Just went to see A History of Violence (good movie, by the way. worth seeing). There is a scene in which you get to see Viggo Mortensen's bare backside. And he has a small tail. I know some people are born with such things, but I would think he would have had it removed long ago.


----------



## Undead Pete (Oct 5, 2005)

ok, that's kinda freaky


----------



## Uzumaki (Oct 5, 2005)

Thanks. I wasn't going to see this movie because I don't want to fork over the cash. Now I have to. You owe me $10.


----------



## demiurge1138 (Oct 5, 2005)

I don't know if that's actually Viggo Mortensen's real tail. The movie is directed by David Cronenberg, after all. Cronenberg loves deformations of the flesh, and could easily have said "okay, the main character, we're giving him a tail! No, it's not going to be important in the script, just do it!".

Demiurge out.


----------



## Shadowdancer (Oct 5, 2005)

demiurge1138 said:
			
		

> I don't know if that's actually Viggo Mortensen's real tail. The movie is directed by David Cronenberg, after all. Cronenberg loves deformations of the flesh, and could easily have said "okay, the main character, we're giving him a tail! No, it's not going to be important in the script, just do it!".
> 
> Demiurge out.




I thought the same thing.

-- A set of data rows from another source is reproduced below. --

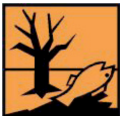
PELIGROSO PARA EL MEDIO AMBIENTE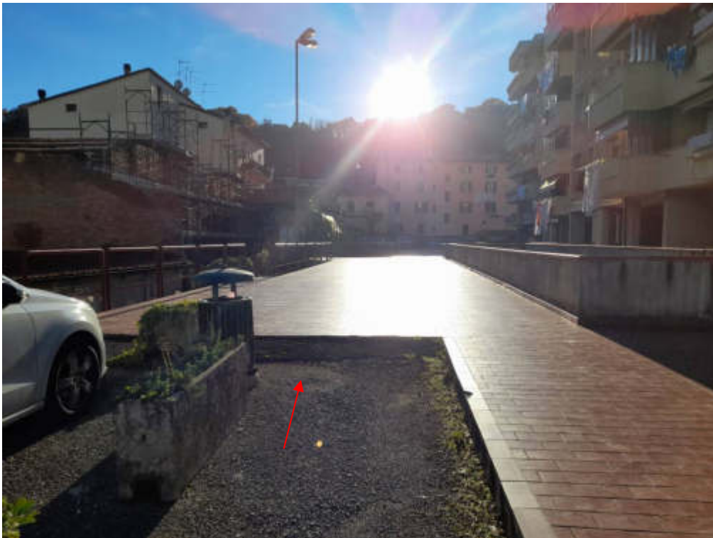
Rampa di accesso lastrico solare edificio D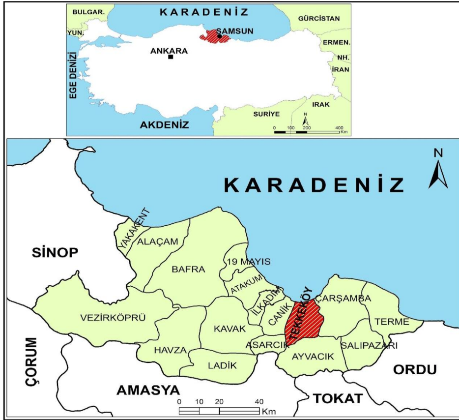
Şekil 1. Araştırma Sahasının Yer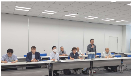
九段下合同庁舎11階会議室で開催されました

東京都本部は、バスとトラックの労働条件改善を求めて春の労働局交渉を行いました。トラック業界の長時間労働や改善基準告示違反の課題について労働局は「働き方改革による残業時間規制が個々の職場単位では解決出来ない」と実感している。荷主含めて業界を変えていく必要があると感じている。要請内容を本省(厚労省)に伝えます」と回答。バスの課題として会社が変形労働制を採用しているにも関わらず残業が常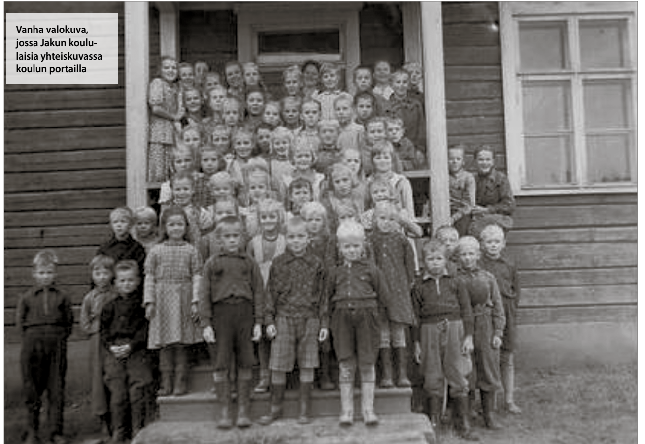
Vanha valokuva, jossa Jakun koululaisia yhteiskuvassa koulun portailla

Kuntakokous päätti pyytää Suomen valtionvaroista 10000 markan suuruisia valtionapua Pirttitörmän,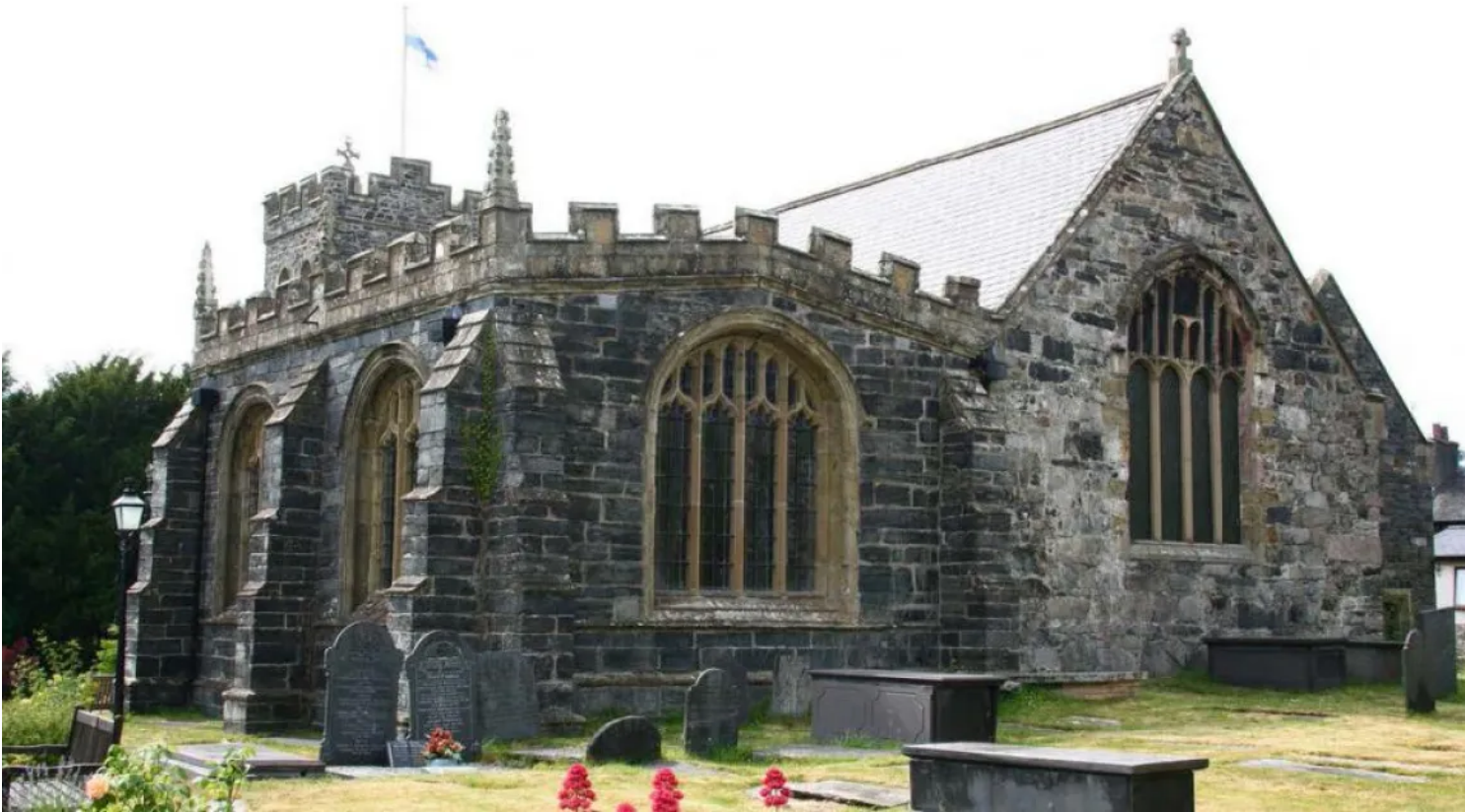
Eglwys St Grwst, Conwy.

Mae adroddiad 2020 yn tynnu sylw at ardaloedd treftadaeth gorau'r DU ac yn cyflwyno'r achos dros dreftadaeth fel ffordd o wella yn sgil pandemig coronafeirws (COVID-19).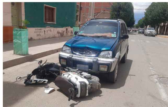
Los motorizados protagonistas

El médico indicó que, debido a la naturaleza del accidente, se determinó la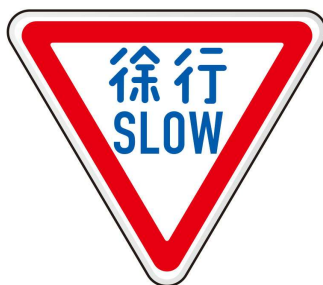
9602741 894-22B 三角標識 800 平リブ2本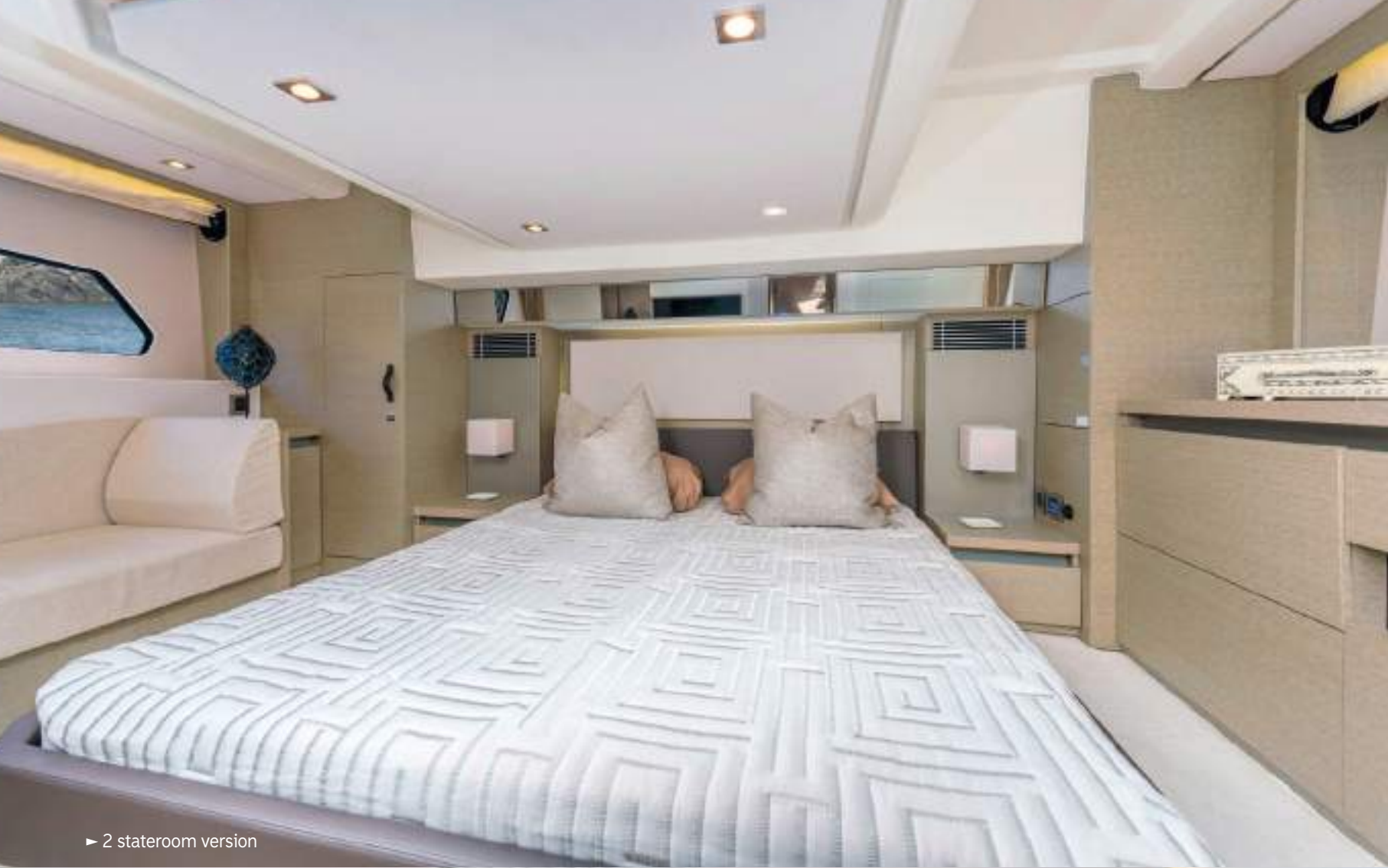
► 2 stateroom version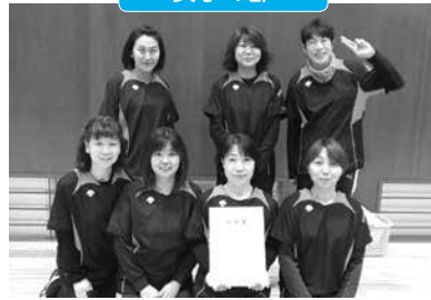
優勝 南下ハウル 準優勝 チームダイエツト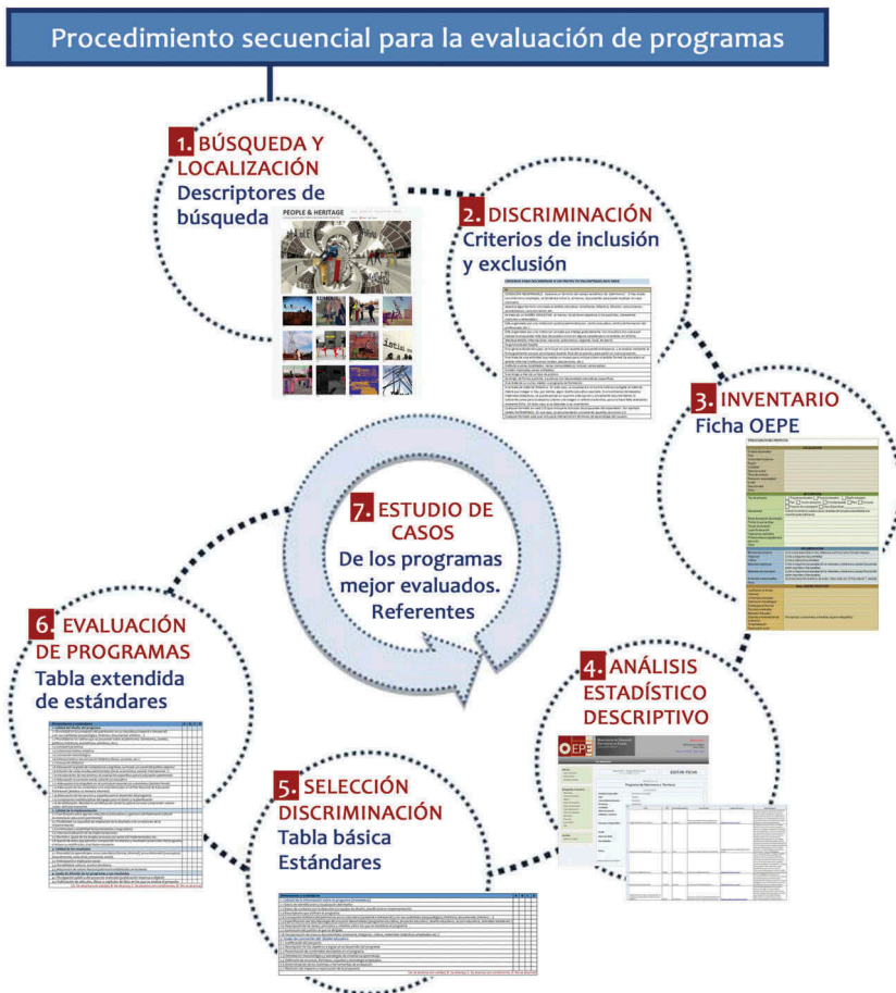
Figura 2. Procedimiento secuencial de selección de programas.

Empleamos un sistema de filtros secuenciado, que parte de la búsqueda y localización de programas conforme a una serie de indicadores de búsqueda definidos por el equipo de investigación y 12 expertos internacionales consultados. Sobre la relación de programas localizados (x), aplicamos una serie de criterios de inclusión y exclusión para su inventario en la base de datos, que aporta un universo de programas introducidos e inventariados (y), con los que efectuamos análisis estadístico-descriptivos, centrados en conocer las tipologías patrimoniales y educativas, la geolocalización de los programas, el grado de concreción del diseño, el tipo de implementación e instrumentos que emplean, etc. Posteriormente se seleccionan aquellos programas (z) que se aproximan a una serie de estándares generales vinculados al diseño, la implementación y los resultados. De entre ellos, los que mayor nivel de adecuación a estándares tienen ( z^+ ), son seleccionados para realizar una evaluación extendida, donde se incluye una evaluación específica relacionada con su tipología educativa (Stake, 2006). Los que destacan por su excelencia ( z^* ), son seleccionados para realizar un estudio de casos único o múltiple, según proceda (vid. Figura 2).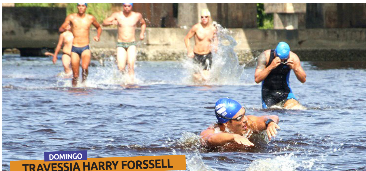
DOMINGO TRAVESSIA HARRY FORSELL

A largada será às 9 horas no sábado, na Praia do Centro. Os participantes ganharão camisetas e também medalhas de participação. Um dos intuitos da prova é de alertar para a preservação ambiental – ela será integrada às ações do Verão no Clima. As inscrições já foram encerradas.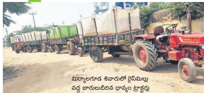
మిర్యాలగూడ శివారులో రైస్ మిల్లు వద్ద బారులుదీరిన ధాన్యం ట్రాక్టర్లు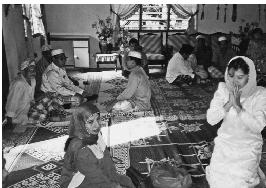
<그림 1> 혼례에서 신부가 이슬람 교리에 따라 혼인서약을 하고 있는 장면

혼인서약은 이맘에 의해 집행된다. 이맘은 혼례에서 혼인서약을 주관하는 공식적인 역할뿐 아니라 혼례의 시작과 끝을 알리는 역할을 수행한다. 그는 혼례의 전반적인 사항을 관장하는 실질적이며 상징적인 존재이다. 혼례에서 이맘의 실질적 역할을 혼례를 이슬람식으로 주관하는 것이다. 이는 혼인서약의 핵심을 이룬다. 말레이시아의 말레이 사회에는 이슬람 교구(kariah)가 있는데, 여기서 보통 1명의 이맘을 임명하여 소관업무를 주관한다. 이맘은 이슬람 사원의 금요 대예배 뿐 아니라 교구 내에서 발생하는 모든 종교 관련 업무를 수행한다. 이런 점에서 각 교구에 속한 이맘은 마치 1인 정부와도 같은 역할을 한다고 할 수 있다. 혼례에서 신부가 소속된 교구의 이맘은 혼인서약은 물론 혼인신고와 등록 등을 포함하여 혼인과 관련된 모든 책임을 지는 존재이기도 하다.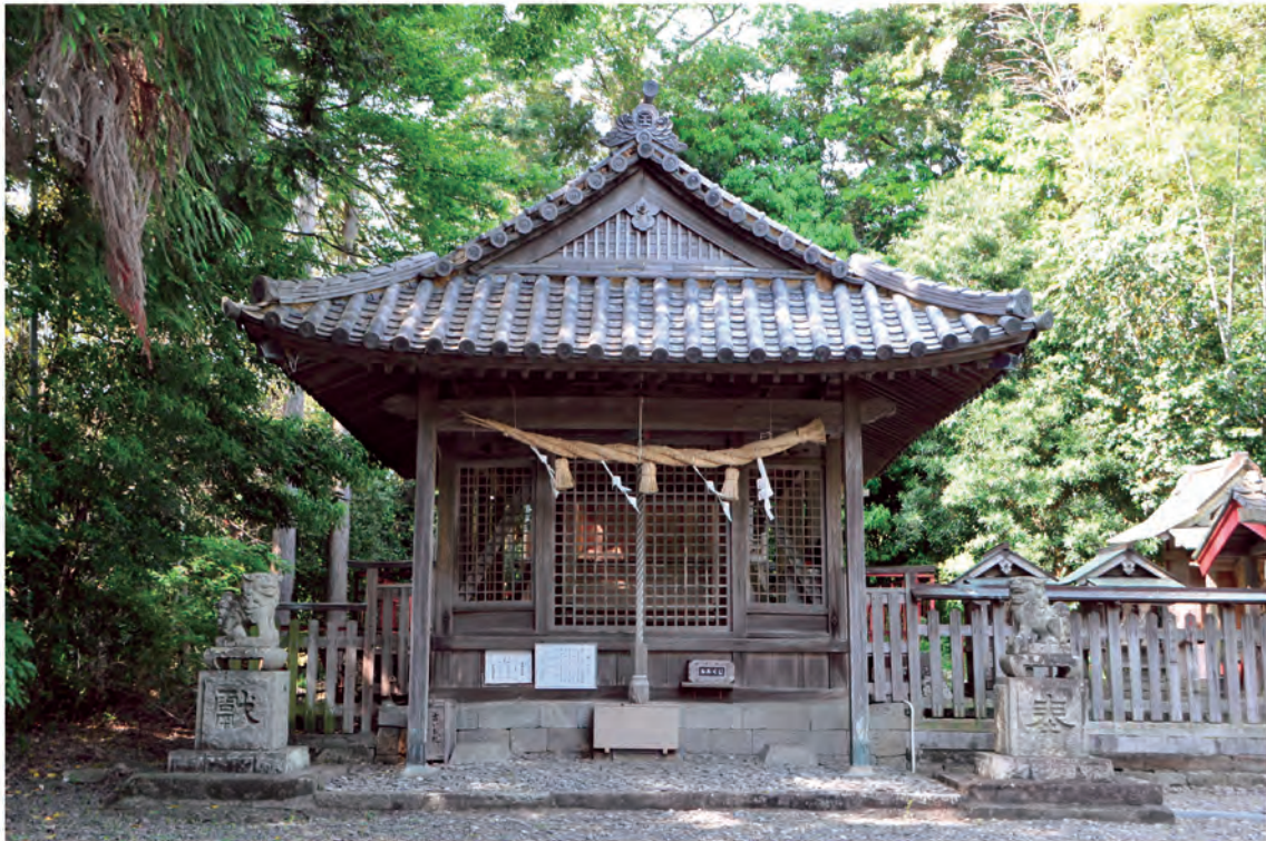
中山王子（県指定文化財）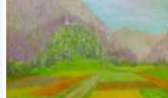
24 / Schloss Reichenau nach Bonaduz Okt 1986 34x44 Oelkreide Barit Fr. 80.00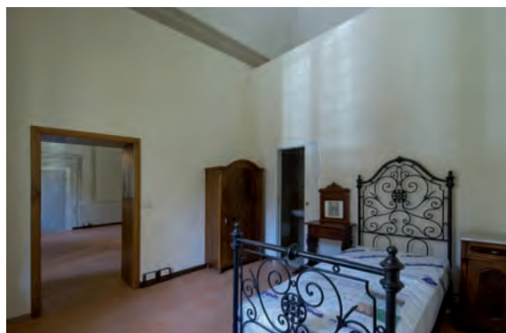
Una stanza dopo i lavori

Per le porte interne si sono riutilizzate le vecchie porte restaurate, mentre il vano che collegava la stanza per le udienze dell'alloggio del Padre Provinciale con la camera dell'economista di Provincia è stato tamponato con un pannello di cartongesso fonoisolante, mantenendone però visibile la traccia per lasciare un segno della trasformazione.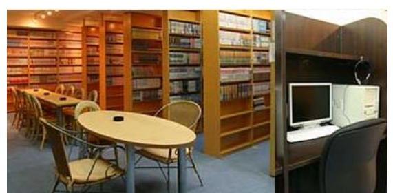
コミック&インターネットコーナー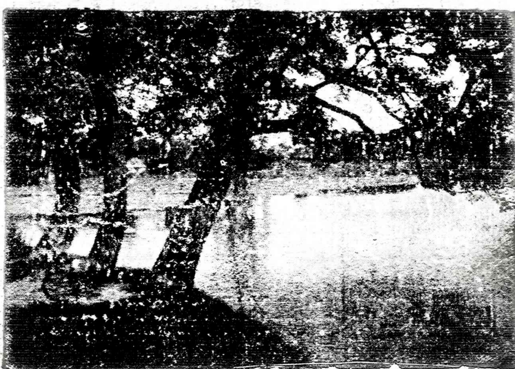
Platių ežero pakraštys

Amerikos Lietuvių Tarybos 45-asis metinis suvažiavimas šaukiamas 1985 m. lapkričio 2 d. Lietuvių Tautiniuose Namuose, 6422 So. Kedzie Ave., Čikagoje. Suvažiavimo registracija prasideda 8.30 val. Suvažiavimo atidarymas 9.30 val. Po valdybos ir atstovų iš Vašingtono pranešimų ir po dalyvių pasisakymų bei skyrių pranešimų įvyks naujos Amer. Liet. Tarybos valdybos sudarymas. ALT pasėdyje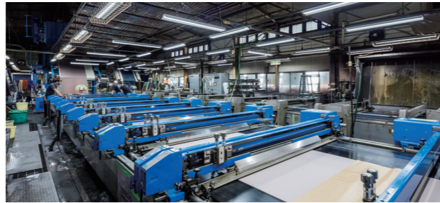
工場内：床面方向が明るくなる反射笠付型をご採用

「照明器具 お手軽割賦サービス」のご採用により、 初期費用なしでLED照明器具へ全面リニューアル。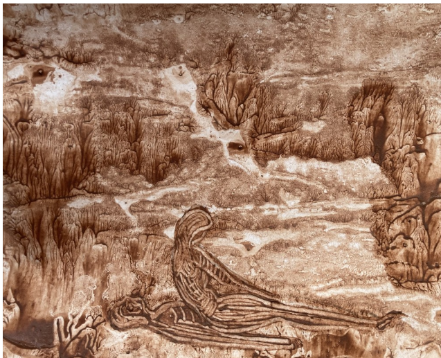
Eva og Adam, 2024 (ler på papir)

Jeg har ofte spurgt mig selv, hvorfor netop leret blev mit foretrukne materiale. Svaret forekommer næsten selvindlysende: Leret er en symbolsk reference til mennesket og jorden. Skabelsesmyterne fortæller, at mennesket formes af ler og får indblæst liv.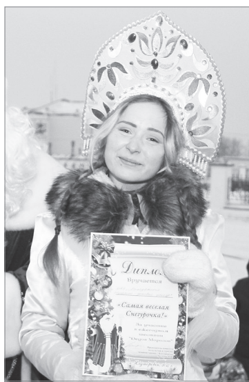
Самая весёлая Снегурочка от молодежного центра Александра Поспелова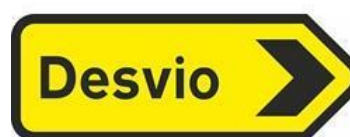
TV4 – DESVIO DIREITA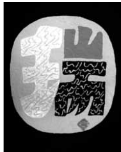
4 型絵染 瑞 (岡村吉右衛門)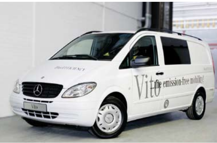
Vito E-CELL, Daimler AG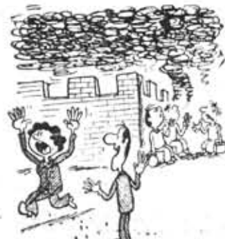
— Ну какой же тут пожар?! Просто у ребят перекур...

Телефон редакции 10-80-68 типография им Володарского Ордена Трудового Красного Знамени Редактор Н. ДЬЯЧЕНКО Наш адрес: Ленинград, 191023, Фонтанка, 59 М-29853 Заказ № 2088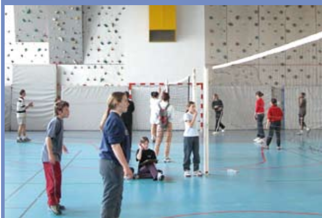
Entretien des équipements sportifs

communes). Au travers de ce constat, on comprend mieux la nécessité absolue de gérer avec la plus grande rigueur les dépenses de fonctionnement pour atteindre et maintenir le résultat dont nous sommes fiers : 2001-2009 : les taux d'imposition de la commune ont baissé de 1% alors même qu'ils ont augmenté de 9% en Isère et de 11% en France.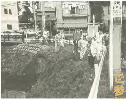
私たちの暮らしに身近な川、きれいにしよう

市民ぐるみでクリーンデーは、私たちの住む街の環境美化とごみ減量の意識を高めるため毎年行われているものです。昨年は三百三十一団体、九万一千人が参加して、三十五トンのごみを集めました。 私たちの街をきれいにするため、皆さんも一緒に街の清掃を試みませんか。 日時：10月27日(日)午前9時～正午(雨天の場合は、11月3日(祝)) 清掃場所：公園や道路などの公共スペース 清掃方法：道路や公共スペースに散乱しているごみを、市が配布するごみ袋(燃やせるごみ用・燃やせないごみ用・資源ごみ用の三種類)に種類別にして集めてください。 ※町会(自治会)によっては日時が異なる場合がありますので、確認してからご参加ください。 ※家庭から出るごみは、出さないでください。 ◎清掃業務課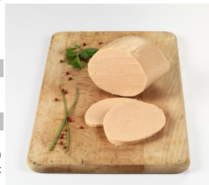
Suggestion de présentation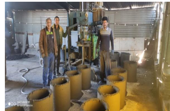
تولید لوله های بتنی ۹۰ × ۶ عدد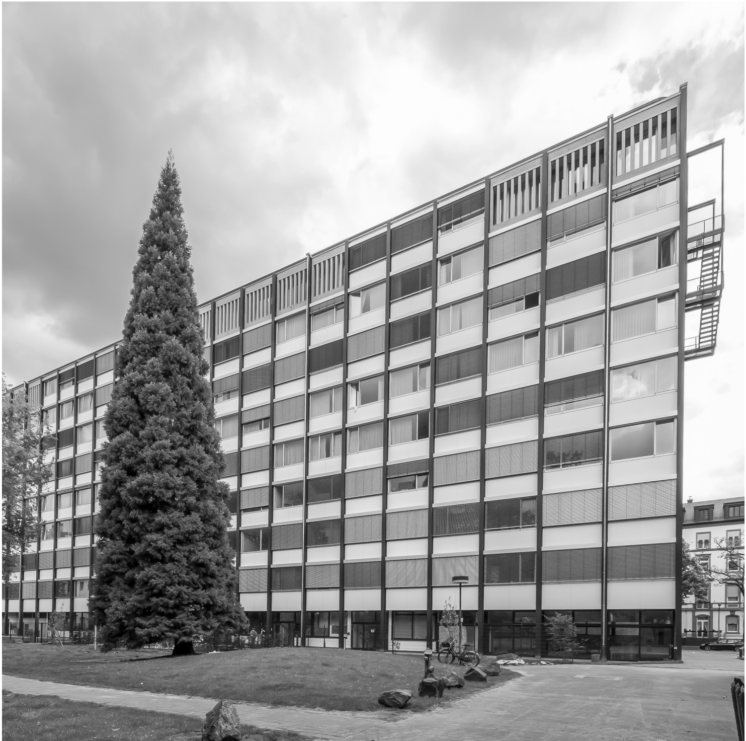
Abb. 6: Ansicht der Parkseite, die einst zum Universitäts-Campus Bockenheim orientiert war.

But nothing is ever mentioned about it, it's not the focus of the shot, you might even miss it if you're not paying attention.


----------



## Aeric (Oct 5, 2005)

Great.  Now whenever I watch my LOTR DVDs, I'll think of Jason Alexander's character from Shallow Hal.


----------



## Just_Hal (Oct 5, 2005)

Aeric said:
			
		

> Great.  Now whenever I watch my LOTR DVDs, I'll think of Jason Alexander's character from Shallow Hal.




Leave my movie out of this!


----------



## The Grumpy Celt (Oct 5, 2005)

So long as it's not covered in fluffy fur.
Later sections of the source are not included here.